A soft female voice echoed.

"Wha!!!!"

He screamed and jolted awake, surprised to find himself lying on the sofa, everyone around him.

"Thank goodness you're already awake…"

Konan sighed.

"W-W-Where the heck are we?"

Pein asked, confused.

"We're in the base sir, at home…"

Kisame, leaning on Samaheda, reassured him.

"Whoa… What the hell happened? Why does my head hurt?"

"You took quite a buster there, sir."

A voice said.

He looked around and saw Mika with Itachi.

"You hit your head on the concrete ground of the village square, y'know?"

"It's a good thing we found you…"

More voices said.

There was Kota with Tobi, Sayuri with Sasori and Deidara with Adell.

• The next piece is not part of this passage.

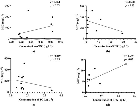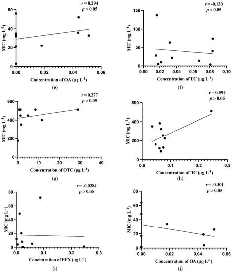 Correlations of minimum inhibitory concentrations (MICs, mg L−1) against the residual concentrations of antibiotics (µg L−1). (a) MIC (mg L−1) of Aeromonas spp. against concentration (µg L−1) of doxycycline; (b) MIC (mg L−1) of Aeromonas spp. against concentration (µg L−1) of oxytetracycline; (c) MIC (mg L−1) of Aeromonas spp. against concentration (µg L−1) of tetracycline; (d) MIC (mg L−1) of Aeromonas spp. against concentrations (µg L−1) of enrofloxacin; (e) MIC (mg L−1) of Aeromonas spp. against concentrations (µg L−1) of oxalinic acid; (f) MIC (mg L−1) of Pseudomonas spp. against concentrations (µg L−1) of doxycycline; (g) MIC (mg L−1) of Pseudomonas spp. against concentrations (µg L−1) of oxytetracycline; (h) MIC (mg L−1) of Pseudomonas s spp. against concentrations (µg L−1) of tetracycline; (i) MIC (mg L−1) of Pseudomonas spp. against concentrations (µg L−1) of enrofloxacin; (j) MIC (mg L−1) of Pseudomonas spp. against concentrations (µg L−1) of oxalinic acid.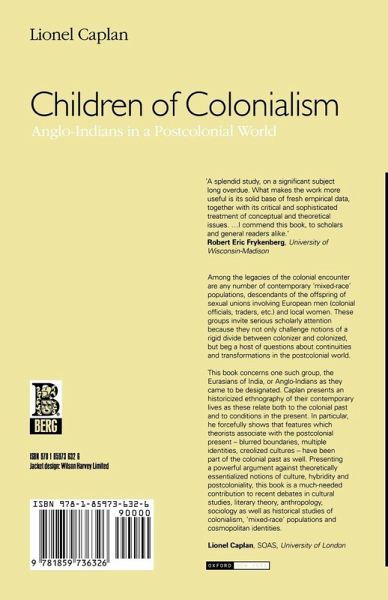 Among the legacies of the colonial encounter are any number of contemporary 'mixed-race' populations, descendants of the offspring of sexual unions involving European men (colonial officials, traders, etc.) and local women. These groups invite serious scholarly attention because they not only challenge notions of a rigid divide between colonizer and colonized, but beg a host of questions about continuities and transformations in the postcolonial world. This book concerns one such group, the Eurasians of India, or Anglo-Indians as they came to be designated. Caplan presents an historicized ethnography of their contemporary lives as these relate both to the colonial past and to conditions in the present. In particular, he forcefully shows that features which theorists associate with the postcolonial present - blurred boundaries, multiple identities, creolized cultures - have been part of the colonial past as well. Presenting a powerful argument against theoretically essentialized notions of culture, hybridity and postcoloniality, this book is a much-needed contribution to recent debates in cultural studies, literary theory, anthropology, sociology as well as historical studies of colonialism, 'mixed-race' populations and cosmopolitan identities.

"Where the hell is Shizuki?"

He demanded.

"Shizuki is the one who tended to your head injury…"

"No… She's the one who caused all this! She pranked me to!"

"Don't accuse me of such things…"

She said, hitting him at the back of his head, causing a big lump to appear.

"Oww…Oww…Owweee…"

He whimpered softly.

"You mean everything was a dream? A hallucination?

"What do you mean, Pein?"

They curiously asked.

"I mean Kota dated Tobi, we found Deidara's girlfriend online, Sasori got mind bendingly jealous so he also found himself his ideal girl and after that he forced us to take our cloaks off then we played truth or dare, Pinoko bit me, Kakuzu said he loved Hidan, Kisame took off his pants and we all saw he was half shark, Itachi even went to Konoha to apologize to Sasuke in Italian! Sasori kissed Sayuri too and we all sung the Kiss the girl song!"

He said, but to the others, he sounded pretty hysterical.

"You know what we think, Sir?"

Kakuzu said, completely ignoring what Pein just said a while ago.

"We think you hit your head on the pavement a bit too hard…"

He said, knocking on his own head.

"But it was t-t-too real! There's just no way it was a dream…"

Konan then tapped his shoulder.

"How 'bout I take you upstairs to your bedroom, how's that?"

She offered, sweat dropping.

"Sure… But I tell you! It's all real!"

He insisted, while his blue-haired partner assisted him in walking.

"Yeah, sure it is…"

She replied a bit sarcastically.

With that she looked over her shoulder and winked at the people behind her.

They all winked back.

When the sound of the door closing was heard, Tobi broke the silence by saying:

"You think it's better if Leader-san doesn't know the truth about you know what?"

He asked Kota.

"Yep."

Mika answered.

"It's best if he thinks this was all a dream…"

Shizuki added.

"But sometimes, I feel like we were all trapped inside a fanfiction forced to do crazy stuff the author writes…"

Kisame said.

"No. If this was a fanfiction, Deidara would be in a dress…"

Itachi said pointing to the blonde beside him which resulted in fits of laughter from the group as Deidara and his girlfriend beat up the poor Uchiha.

……………………………………………………………………………………………………………………………….

Finally I'm finished!!!!

Thank you for reading and reviewing!